STUDY MATERIAL START
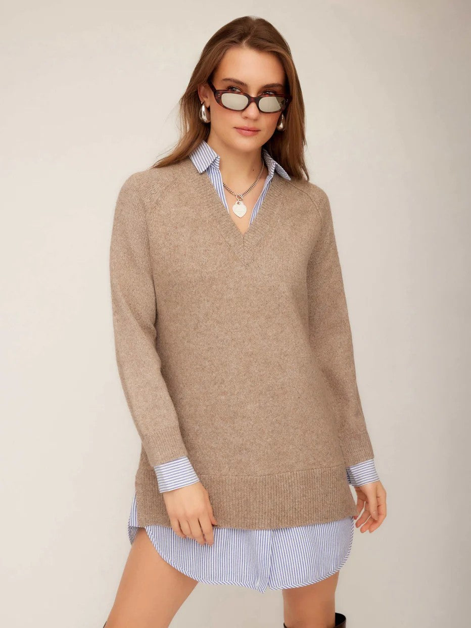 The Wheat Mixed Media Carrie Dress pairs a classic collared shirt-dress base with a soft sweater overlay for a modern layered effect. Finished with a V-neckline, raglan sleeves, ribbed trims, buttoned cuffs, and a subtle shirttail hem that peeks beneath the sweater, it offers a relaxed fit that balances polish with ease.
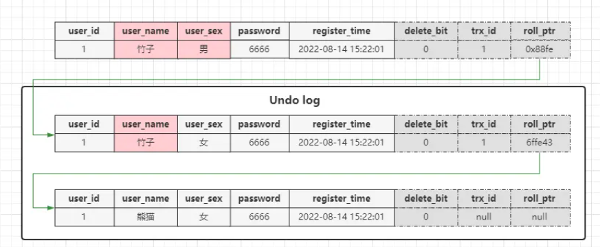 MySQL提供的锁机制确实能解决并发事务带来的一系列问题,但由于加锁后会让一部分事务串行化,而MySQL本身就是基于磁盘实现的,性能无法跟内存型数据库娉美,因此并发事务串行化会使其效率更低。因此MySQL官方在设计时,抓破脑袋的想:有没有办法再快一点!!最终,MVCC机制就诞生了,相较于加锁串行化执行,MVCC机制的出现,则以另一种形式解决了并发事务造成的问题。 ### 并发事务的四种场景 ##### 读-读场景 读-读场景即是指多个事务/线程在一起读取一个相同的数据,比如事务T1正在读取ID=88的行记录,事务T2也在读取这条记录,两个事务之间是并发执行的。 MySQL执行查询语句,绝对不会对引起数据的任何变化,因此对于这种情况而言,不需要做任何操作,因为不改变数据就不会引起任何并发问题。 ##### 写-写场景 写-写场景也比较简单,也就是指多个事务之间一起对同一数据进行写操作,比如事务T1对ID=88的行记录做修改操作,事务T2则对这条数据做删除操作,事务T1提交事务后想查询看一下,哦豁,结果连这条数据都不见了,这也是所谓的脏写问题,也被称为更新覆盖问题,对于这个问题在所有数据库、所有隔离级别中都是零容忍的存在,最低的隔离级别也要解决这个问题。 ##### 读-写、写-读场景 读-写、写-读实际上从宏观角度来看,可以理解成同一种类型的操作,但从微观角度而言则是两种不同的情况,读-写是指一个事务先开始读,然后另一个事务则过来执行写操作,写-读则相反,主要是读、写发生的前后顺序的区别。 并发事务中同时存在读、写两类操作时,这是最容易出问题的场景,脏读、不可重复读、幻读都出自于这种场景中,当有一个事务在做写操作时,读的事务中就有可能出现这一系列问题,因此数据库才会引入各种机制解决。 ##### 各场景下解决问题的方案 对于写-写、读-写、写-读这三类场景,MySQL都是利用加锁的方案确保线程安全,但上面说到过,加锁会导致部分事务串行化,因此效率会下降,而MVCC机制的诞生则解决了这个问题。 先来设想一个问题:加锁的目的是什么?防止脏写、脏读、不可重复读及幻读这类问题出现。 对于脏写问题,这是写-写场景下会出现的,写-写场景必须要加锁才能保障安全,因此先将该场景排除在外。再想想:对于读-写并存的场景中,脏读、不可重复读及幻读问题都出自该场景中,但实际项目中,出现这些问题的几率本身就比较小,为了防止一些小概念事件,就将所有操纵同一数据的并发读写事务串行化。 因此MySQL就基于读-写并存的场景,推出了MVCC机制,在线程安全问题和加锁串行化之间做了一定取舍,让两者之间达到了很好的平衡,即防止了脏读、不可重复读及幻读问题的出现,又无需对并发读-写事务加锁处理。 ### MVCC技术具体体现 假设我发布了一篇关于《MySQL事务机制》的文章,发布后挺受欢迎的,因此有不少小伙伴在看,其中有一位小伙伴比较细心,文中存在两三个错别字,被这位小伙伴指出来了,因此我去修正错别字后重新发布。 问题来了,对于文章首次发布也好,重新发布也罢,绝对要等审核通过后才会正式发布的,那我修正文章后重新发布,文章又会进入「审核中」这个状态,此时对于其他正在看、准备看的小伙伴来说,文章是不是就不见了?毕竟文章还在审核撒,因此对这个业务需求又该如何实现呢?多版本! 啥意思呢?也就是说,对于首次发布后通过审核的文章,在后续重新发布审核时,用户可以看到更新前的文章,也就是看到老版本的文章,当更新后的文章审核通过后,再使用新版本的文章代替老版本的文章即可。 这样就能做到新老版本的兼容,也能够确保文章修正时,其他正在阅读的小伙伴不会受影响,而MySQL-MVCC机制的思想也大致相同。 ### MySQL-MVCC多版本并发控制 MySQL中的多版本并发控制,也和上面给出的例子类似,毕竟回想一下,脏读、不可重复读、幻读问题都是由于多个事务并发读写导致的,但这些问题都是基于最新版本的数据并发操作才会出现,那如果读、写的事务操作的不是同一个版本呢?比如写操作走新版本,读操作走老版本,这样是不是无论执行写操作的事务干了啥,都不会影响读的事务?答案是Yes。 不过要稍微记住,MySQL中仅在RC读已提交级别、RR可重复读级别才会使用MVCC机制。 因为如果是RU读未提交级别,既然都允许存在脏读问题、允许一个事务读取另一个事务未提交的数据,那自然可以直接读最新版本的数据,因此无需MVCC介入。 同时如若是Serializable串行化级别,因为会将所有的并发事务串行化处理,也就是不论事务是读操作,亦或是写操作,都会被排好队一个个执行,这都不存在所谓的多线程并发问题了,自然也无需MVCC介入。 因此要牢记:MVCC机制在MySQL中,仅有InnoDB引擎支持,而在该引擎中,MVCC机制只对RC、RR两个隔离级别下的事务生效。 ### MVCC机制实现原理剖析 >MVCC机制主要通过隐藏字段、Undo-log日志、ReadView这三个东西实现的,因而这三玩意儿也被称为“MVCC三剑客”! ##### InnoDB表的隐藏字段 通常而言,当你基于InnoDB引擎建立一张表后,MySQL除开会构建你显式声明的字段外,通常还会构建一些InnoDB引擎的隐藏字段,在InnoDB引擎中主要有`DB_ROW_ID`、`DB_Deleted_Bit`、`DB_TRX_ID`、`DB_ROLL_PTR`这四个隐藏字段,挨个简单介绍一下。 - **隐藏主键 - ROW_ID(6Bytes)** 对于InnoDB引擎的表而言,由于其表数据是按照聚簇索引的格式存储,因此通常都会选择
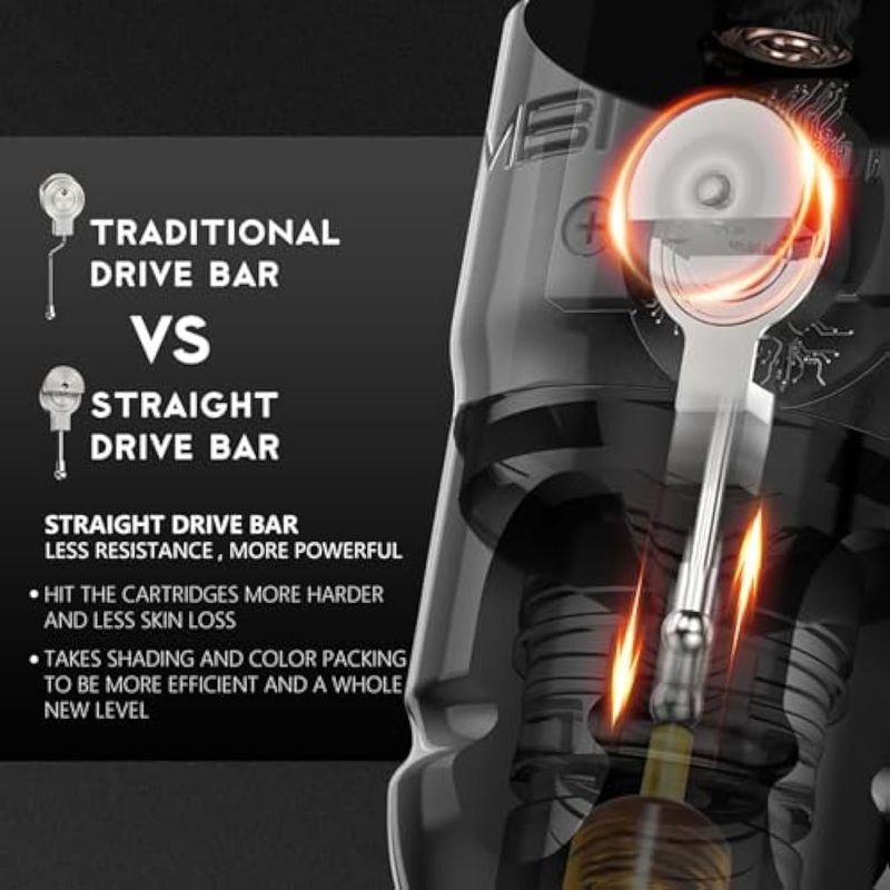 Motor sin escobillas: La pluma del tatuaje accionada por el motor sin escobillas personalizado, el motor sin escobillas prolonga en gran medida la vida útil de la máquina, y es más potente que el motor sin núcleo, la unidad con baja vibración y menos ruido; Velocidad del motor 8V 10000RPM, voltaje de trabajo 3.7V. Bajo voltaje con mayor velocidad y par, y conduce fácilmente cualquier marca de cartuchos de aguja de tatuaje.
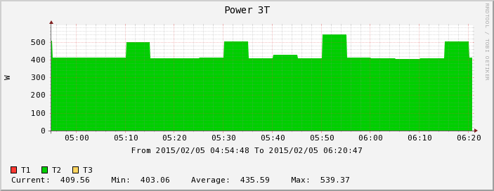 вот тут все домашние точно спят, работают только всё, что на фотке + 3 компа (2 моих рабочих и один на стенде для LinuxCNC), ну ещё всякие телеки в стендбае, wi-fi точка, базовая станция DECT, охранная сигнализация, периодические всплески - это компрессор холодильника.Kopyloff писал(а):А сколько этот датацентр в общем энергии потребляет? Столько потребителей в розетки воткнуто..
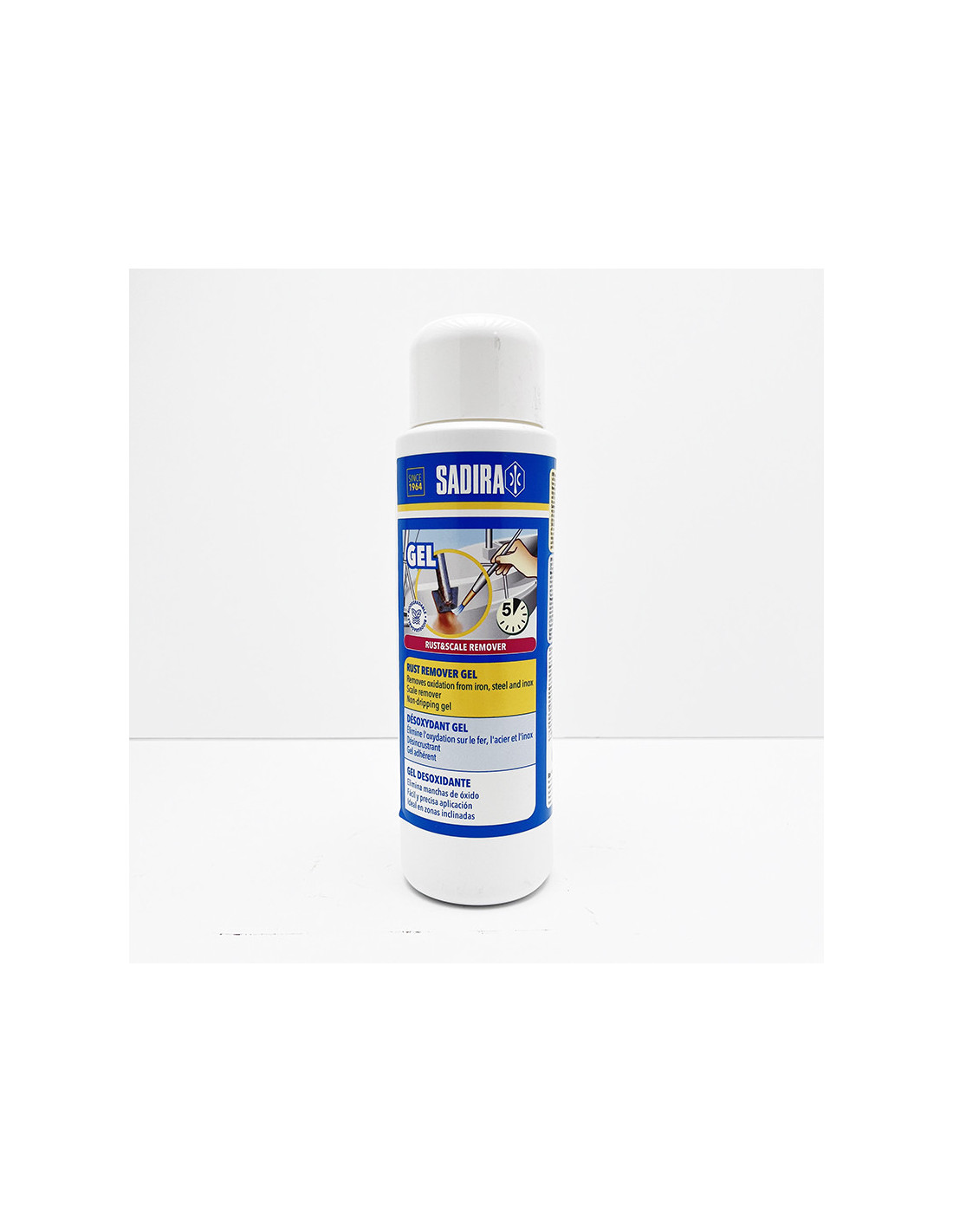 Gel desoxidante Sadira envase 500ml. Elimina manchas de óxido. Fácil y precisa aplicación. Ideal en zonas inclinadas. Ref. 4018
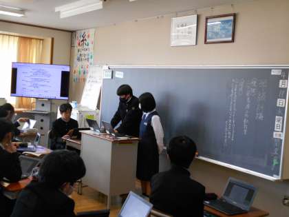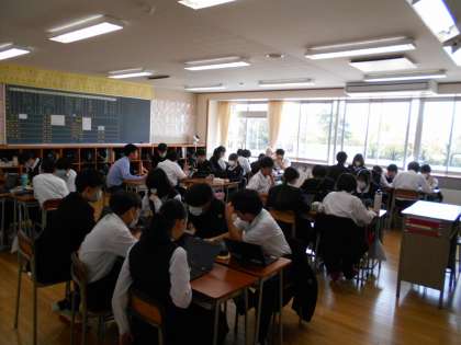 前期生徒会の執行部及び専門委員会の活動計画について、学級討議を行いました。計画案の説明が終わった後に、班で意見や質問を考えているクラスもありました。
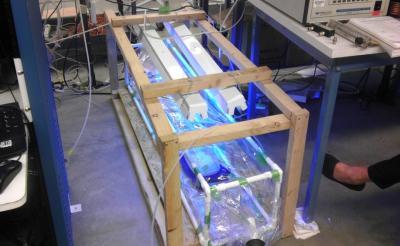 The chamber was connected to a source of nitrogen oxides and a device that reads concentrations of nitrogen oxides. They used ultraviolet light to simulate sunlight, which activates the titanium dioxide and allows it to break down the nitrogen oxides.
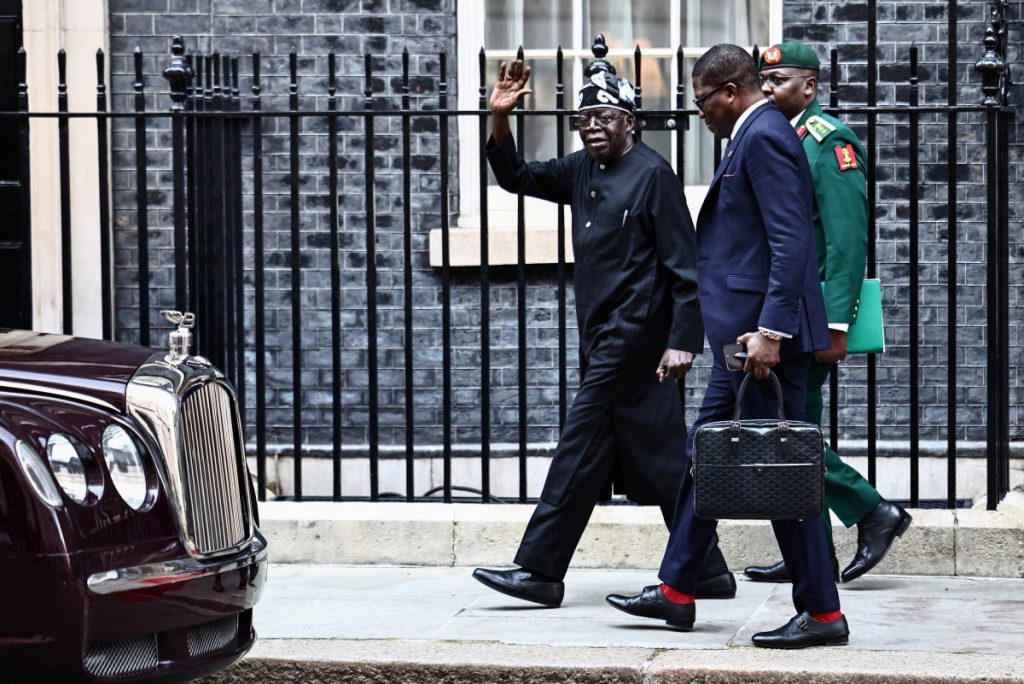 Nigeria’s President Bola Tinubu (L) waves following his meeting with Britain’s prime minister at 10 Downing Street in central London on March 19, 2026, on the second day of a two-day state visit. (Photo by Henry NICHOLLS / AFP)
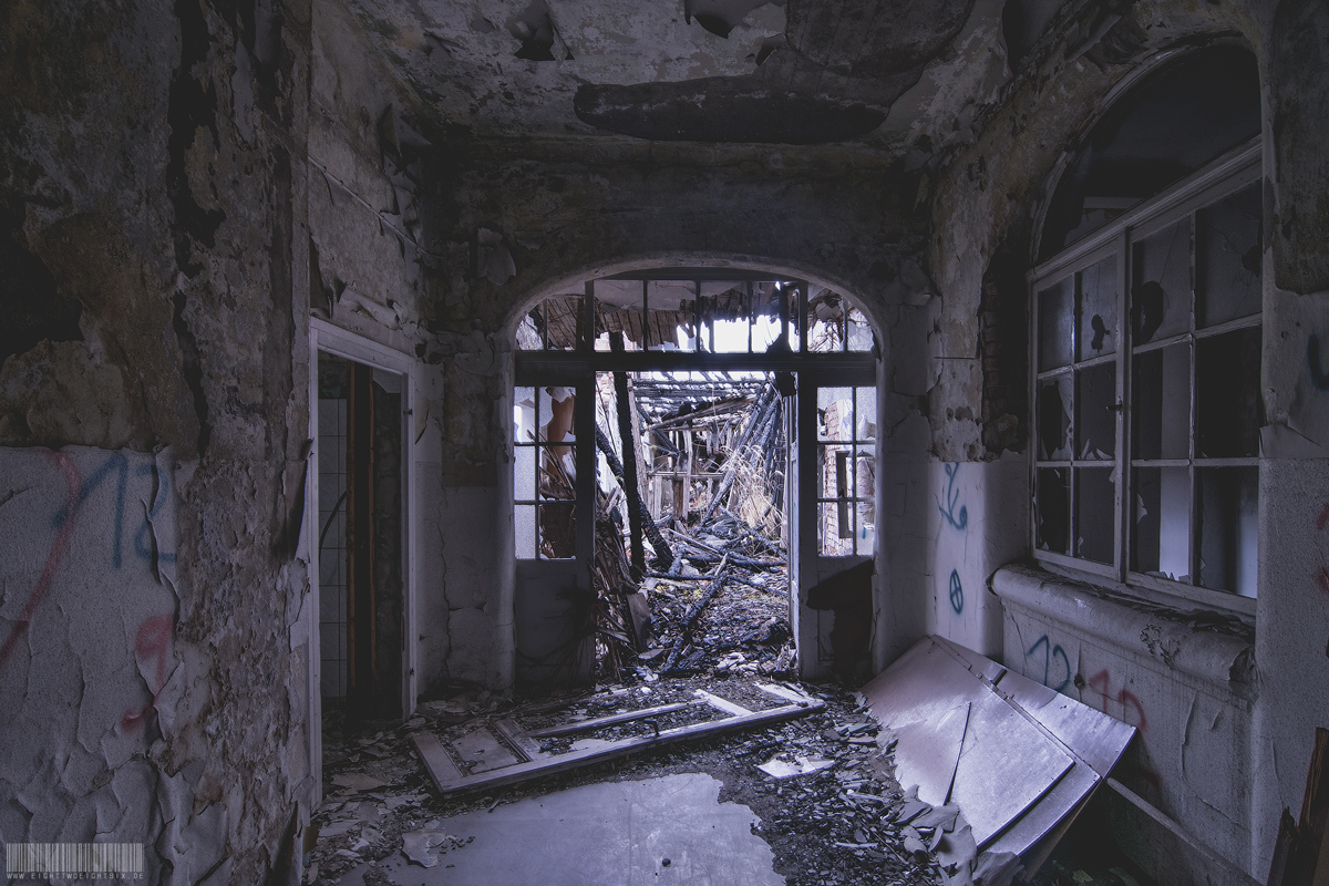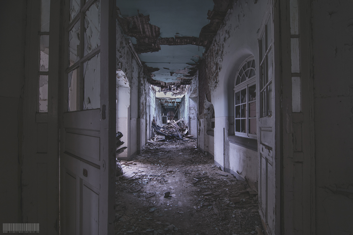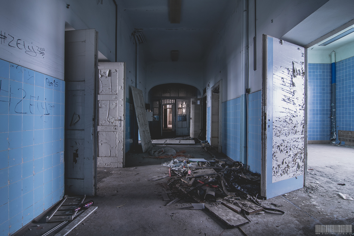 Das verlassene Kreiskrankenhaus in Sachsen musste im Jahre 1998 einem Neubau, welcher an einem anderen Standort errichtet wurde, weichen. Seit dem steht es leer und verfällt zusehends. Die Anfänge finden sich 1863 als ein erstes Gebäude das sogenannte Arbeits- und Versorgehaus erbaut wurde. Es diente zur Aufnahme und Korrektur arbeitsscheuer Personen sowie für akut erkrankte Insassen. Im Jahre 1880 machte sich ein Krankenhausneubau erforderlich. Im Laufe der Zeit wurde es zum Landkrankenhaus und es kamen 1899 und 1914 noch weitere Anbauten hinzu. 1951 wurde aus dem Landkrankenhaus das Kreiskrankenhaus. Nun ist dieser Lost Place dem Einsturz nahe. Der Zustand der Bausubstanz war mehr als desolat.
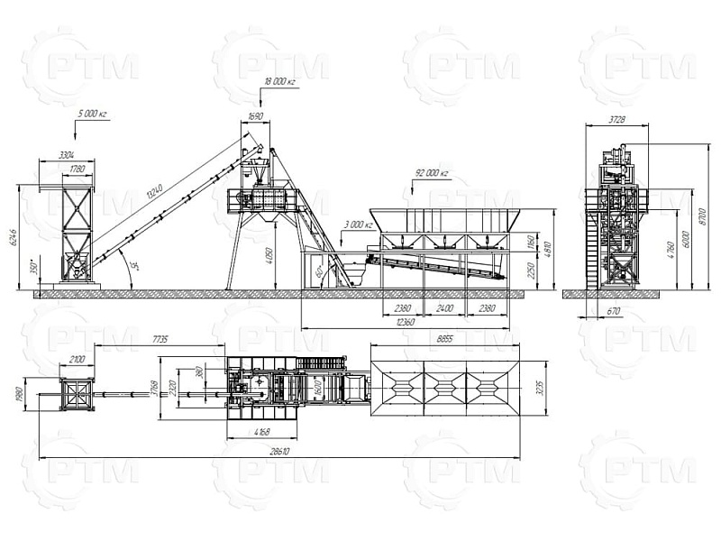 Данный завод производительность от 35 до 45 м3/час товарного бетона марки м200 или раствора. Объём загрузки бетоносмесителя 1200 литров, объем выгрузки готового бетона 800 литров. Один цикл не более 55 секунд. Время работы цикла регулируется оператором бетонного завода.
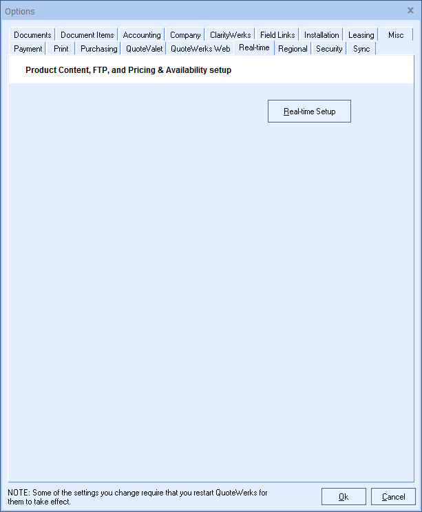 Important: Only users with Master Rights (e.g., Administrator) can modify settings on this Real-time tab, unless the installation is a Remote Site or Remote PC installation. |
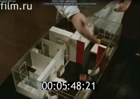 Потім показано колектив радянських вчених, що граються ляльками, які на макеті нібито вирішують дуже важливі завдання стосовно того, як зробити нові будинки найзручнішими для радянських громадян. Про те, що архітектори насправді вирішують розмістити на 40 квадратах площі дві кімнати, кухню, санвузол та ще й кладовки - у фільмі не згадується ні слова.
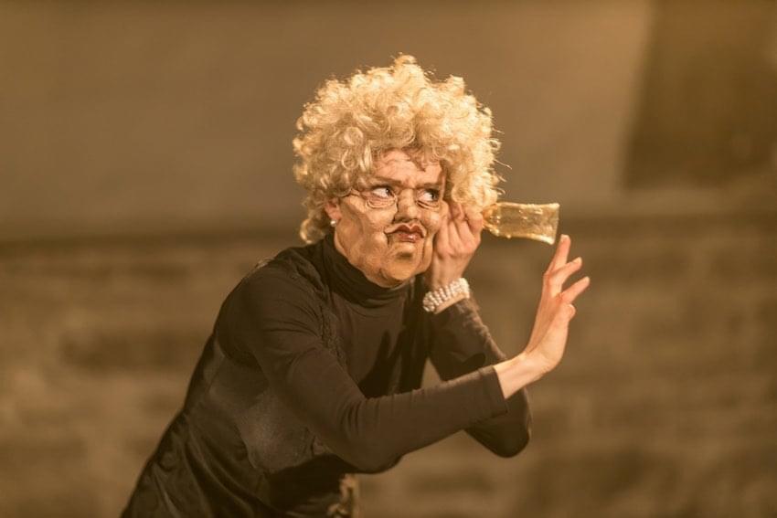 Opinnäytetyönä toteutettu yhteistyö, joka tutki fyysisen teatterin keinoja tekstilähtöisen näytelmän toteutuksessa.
STUDY MATERIAL END
◆ **TASK INSTRUCTIONS**: Please print the lines above word for word, starting at the one with "Данный завод производительность" and ending at the one with "Important: Only users", both included, and without any picture.

◆ **EXERCISE SOLUTION**:
 Данный завод производительность от 35 до 45 м3/час товарного бетона марки м200 или раствора. Объём загрузки бетоносмесителя 1200 литров, объем выгрузки готового бетона 800 литров. Один цикл не более 55 секунд. Время работы цикла регулируется оператором бетонного завода.
 Important: Only users with Master Rights (e.g., Administrator) can modify settings on this Real-time tab, unless the installation is a Remote Site or Remote PC installation. |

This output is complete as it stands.